Expressions, conditions, initialisers, constants
Equality expressions
Theoretically, every type supports some notion of equality (and inequality).
This is straightforward for simple (or primitive) value types that consist of one memory cell only (booleans and all numeric types of all sizes):
a == b
holds iff the value of a
is the same as the value of b
.
For structured (complex) value types we can decide equality by comparing every element of data structures recursively. At compile time the result of a comparison can be evaluated if the arguments are compile time constants. Thus it is technically no problem to compare compile time constants of any value type.
At runtime a recursive comparison algorithm is too much of a runtime penalty and what looks like a constant time operation turns out to be growing with the dimension of the structure.

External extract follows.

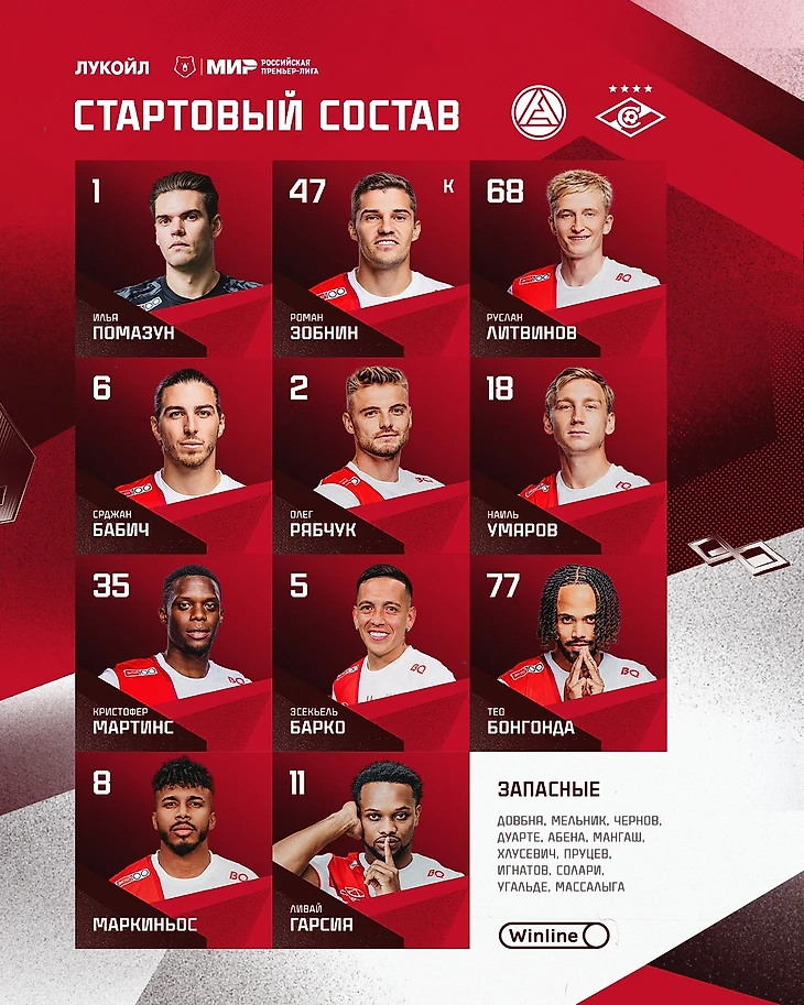 «Спартак»: Помазун, Зобнин (к), Литвинов, Бабич, Рябчук, Умяров, Мартинс, Барко, Маркиньос, Бонгонда, Гарсия.

An optimisation of runtime - not changing the run-time complexity but providing better factors - could be achieved by comparing the data structures byte-wise (memcmp
).
But this requires to fix padding in structs and then fails in special cases:
floating point elements may use different bit representations for the same numerical value, e.g. +0.0
and -0.0
.
Consequently, the comparison operator for structured data may not be used at runtime (like in C) and results in a type check error.
Reference types are not implemented yet but in principle they will have the same behaviour: compare (dereferenced) values for simple types, and disallow comparison for complex types.
Using constants
In order to make evaluation work for arbitrary constant expressions the names are resolved by the constant values (literals) they represent.
Thus at the end of the type check phase the declarations of the consts do exist and can be translated to C but all their usages disappear (being substituted by the value).
This has the drawback of less readable C code but still allows to export constants as #defines and use them in foreign code by including the relevant .h
file.
In C89, structs can be initialised using structured literals but cannot be assigned new values using structured literals. The same is true for arrays in all versions of C. Additionally, when calling functions the arguments need to be pointers to memory locations that contain the (structured) data. In all these cases, in the generated C code we create a stack local (automatic) temporary variable that is initialised using the literal and then use that variable (or its address) to perform assignments or function calls. In summary, literals occur only on the right hand side of initialisation in the generated C code.
Side effects in conditions are not allowed
It is obvious that testing an await
condition may not have any impact on the state to implement a synchronous program.
Additionally, we forbid side effects in conditions of preemption and all standard, imperative statements.
This clearly seperates concerns of making decision about the current program state and (possibly) triggering other, (possibly) concurrent computation.
The common programming practice of C where conditions’ side effects are used to also advance computation is regarded as bad practice in Blech until proven otherwise.
Side effects are allowed in initialisers
Despite the urge to restrict the wild programmer, we allow side effects when declaring and initialising a variable. Otherwise the following code that declares an immutable variable cannot be written:
let status = f()(x)
Instead, we would have to write
var status: typeOfF
status = f()(x)
which not only is longer and less readable but makes status
a mutable variable which is not the intention of the programmer.